Many of us have been there: it’s after midnight and everyone in the house is asleep, but we’re at our desks reading, thinking, writing. Keep it up for a string of nights and things can get weird. The mind plays tricks and the body turns languid. Perhaps it wasn’t odd that, many nights into revising a manuscript, my body began almost automatically moving from one position to another: I was performing a kata – a formalised pattern of karate movements. I had done Seido Karate for several years, but by the time of this unexpected nocturnal practice I hadn’t trained for five years and thought I’d forgotten everything.
Maybe the lack of sleep led my brain to recall the pattern. Perhaps muscle memory kicked in, guiding me through moves I had formerly practiced over and over. Whatever went on inside my brain and body, this surprising experience was a perfect ending to a long night’s work. And it told me I needed to get back to karate training. I dragged my gi (karate uniform) out of storage and walked back into the dojo (the training hall), taking my place in the line of students. A feeling of comfort and familiarity confirmed I’d made the right decision.
I’ve now spent nearly thirty years practising and teaching this form of martial art. Karate styles such as my own emphasise karate for life, regardless of age or ability, and I’ve had students take up the practice in their fifties. Physical fitness and self-defence skills, often viewed as fundamental aspects or benefits of this type of activity, are by-products rather than core elements, especially as the years pass.
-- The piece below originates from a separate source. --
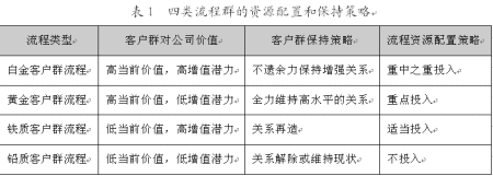 流程由活動(dòng)、活動(dòng)的邏輯順序、活動(dòng)的實(shí)現(xiàn)方式、活動(dòng)的承擔(dān)者四個(gè)基本要素組成。通過活動(dòng)的整合來(lái)產(chǎn)生“流程多面手”或活動(dòng)講廢除來(lái)減少成本,利用信息技術(shù)將“串聯(lián)”活動(dòng)變成“并聯(lián)”活動(dòng)來(lái)改變活動(dòng)斬邏輯順序以提高流程效率,或者改變活動(dòng)承擔(dān)者的數(shù)量或素質(zhì),這些都將導(dǎo)致流程群資源分配的變動(dòng)。例如,銀行的業(yè)務(wù)流程設(shè)置:低價(jià)值客戶以電子設(shè)備的自助服務(wù)為主;中價(jià)值客戶以柜面服務(wù)為主;高價(jià)值客戶以大戶室一對(duì)一服務(wù)為主;設(shè)置專業(yè)化的理財(cái)中心,由客戶經(jīng)理全程代為辦理各項(xiàng)業(yè)務(wù),同時(shí)由高素質(zhì)的理財(cái)專家根據(jù)客戶的風(fēng)險(xiǎn)收益偏好提供高質(zhì)量的理財(cái)產(chǎn)品等?梢姡煌蛻羝淞鞒痰馁Y源配置差異較大。依據(jù)客戶群——流程矩陣,下表描述了四類流程群所對(duì)應(yīng)的四類客戶群的四種資源配置方式。

Sure, there might be press-ups and fancy kicks – somewhat less spectacular as the body becomes creakier – but this is not what keeps people going back to the dojo week in, week out, for decades.

My own commitment to this art doesn’t seem a long time in the scheme of things. After all, my karate teachers, and their teachers in turn, have been practising for 50 or 60 years. ‘Practising’ is apposite, for there is discipline in being a martial artist. Here I don’t mean the forms of discipline observers often comment on and which are cornerstones of good martial arts: the rules and rituals of the dojo, how students interact with each other, the systems of obedience and respect.
As karateka (karate practitioners), we repeat the same move or pattern many times, and then for variety we do it some more. This is a disciplining or training of body and mind, doing the same move repeatedly until those particular motor tasks morph into memory and become second nature. But practice also has to have thought and an intention to do something well. As one instructor said to me, ‘Doing a thousand bad kicks just means you’ve got good at doing a thousand bad kicks’. We speak of ren ma, a Japanese term meaning constant polishing, of practising a technique to try to improve it each time. It’s another way of referring to learning and of having an open, active mind. Viewed in this way, karate is more of an approach to living, a matter of good mental as well as physical health.
Let me return to the midnight hours. One ritual at annual weekend camps in my karate style is for everyone to get out of bed around midnight, put on their gi, and together do a thousand kicks, each one accompanied by a kiai or loud shout. Legs and hips, generally unwilling at this hour, begin rebelling at about 400 kicks. A couple of hundred later, the kicks become automatic and I share in the collective energy of the many people around me. I invariably feel a calmness at this point, as if I could carry on forever in this constant process of polishing.
Bronwyn Dalley has been practicing and teaching martial arts since 1985; she is also a historian and writer.